Harun menatap Kinasih sesaat, lalu menerawang, “Sih, Mamang mendapat pesan yang tidak pernah terucapkan dari Bang Usman. Bahwa Mamang harus membahagiakanmu. Jadi, mengantarkanmu ke gerbang rumah tangga adalah segalanya bagi Mamang. Juga mengirimkan jodoh terbaik untukmu adalah cita-cita utama Mamang, bahkan mengalahkan hidup Mamang sendiri.”
“Nanti Tuhan juga akan mengirimkannya, Mang.” Kinasih menunduk.
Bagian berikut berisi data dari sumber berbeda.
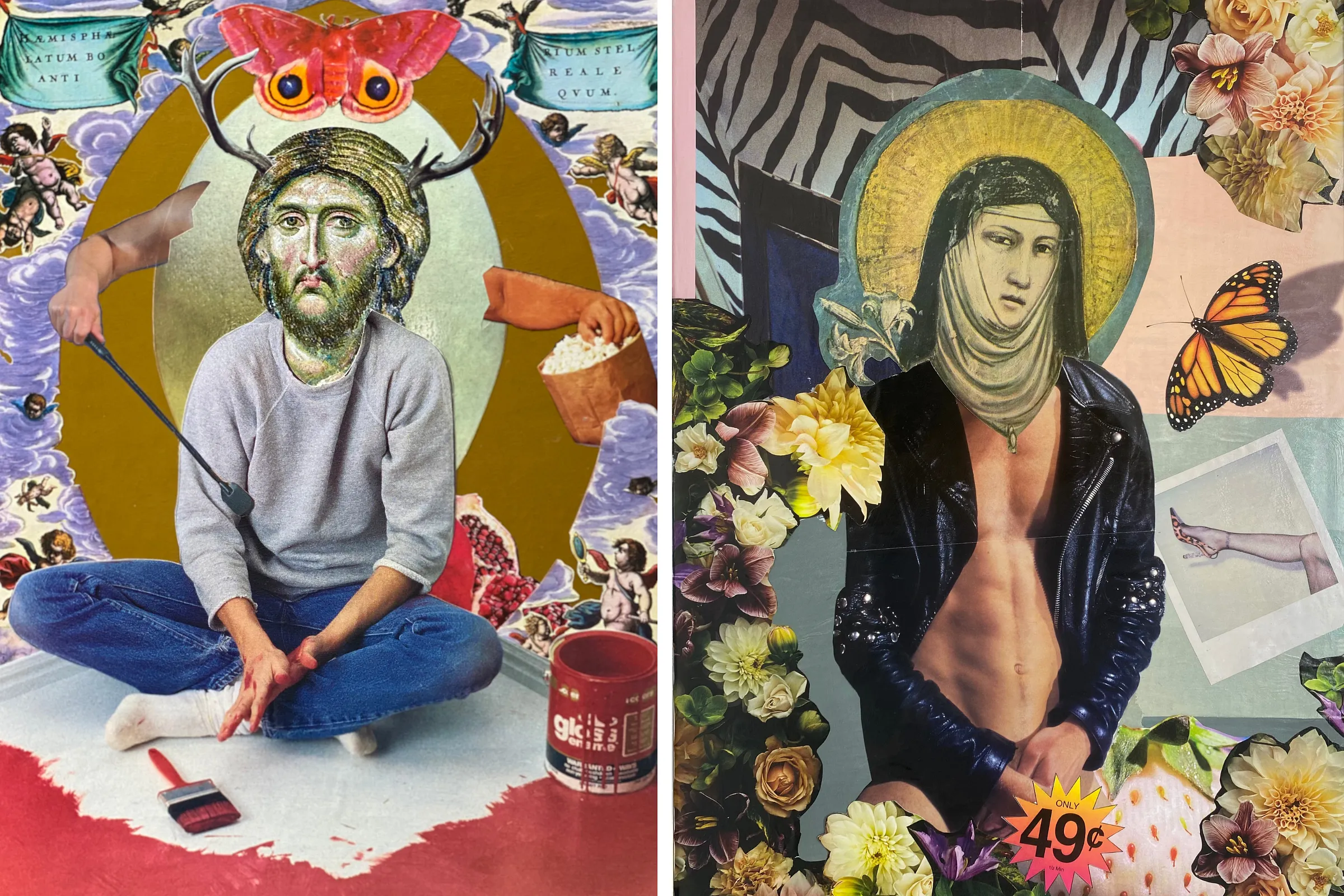 Almost a decade ago in Hyperallergic, Zachary Small argued that collage is “a quintessentially queer art form,” marked by “the construction of new worlds and identities.” Lovett’s work — diligently unearthing, untethering, aerating, playing, rearranging — gives a kaleidoscopic resurrection to these figures. “This fantasy world is the product of an early life of religious devotion, diva obsession, and continuous acceptance of the ambiguous,” Lovett’s statement explained. I’m still obsessed with his tattooed, bearded saint in blue pasties and pumps, his 49-cent Madonna, and his combat-booted Barbie with “naughty drips” (Lovett’s words) coming out of rosebuds on either side. But it’s that last item — continuous acceptance of the ambiguous — that resonates most deeply after spending time with his work.

Entah mengapa, tiba-tiba ada yang menetes ke pipinya.
“Mamang tidak mau mendengar kalau Asih naksir Dai Nipon itu.”
“Ya tidak atuh, Mang. Lagipula dia kan sudah mati.” Ujar Kinasih spontan.
“Bagaimana pun orang republik akan lebih baik untukmu, Sih.”
Kinasih mengangguk.
“Mamang banyak mendengar orang kampung sini yang tertarik dengan tentara Belanda. Kan keterlaluan, Sih.”
“Kan tidak semua Mang.”
Harun meletakkan kruknya, untuk kemudian dia duduk di kursi yang lain. Lebih dekat dengan Kinasih.
“Sih, Mamang minta maaf ya tidak membebaskanmu seperti Rodiah atau yang lain berada di luar,” ujarnya lebih pelan.
“Iya Mang tidak apa-apa. Hanya Asih tidak mengerti saja, apa ini aturan sebuah perkumpulan untuk melarang pemainnya bergaul dengan orang lain?”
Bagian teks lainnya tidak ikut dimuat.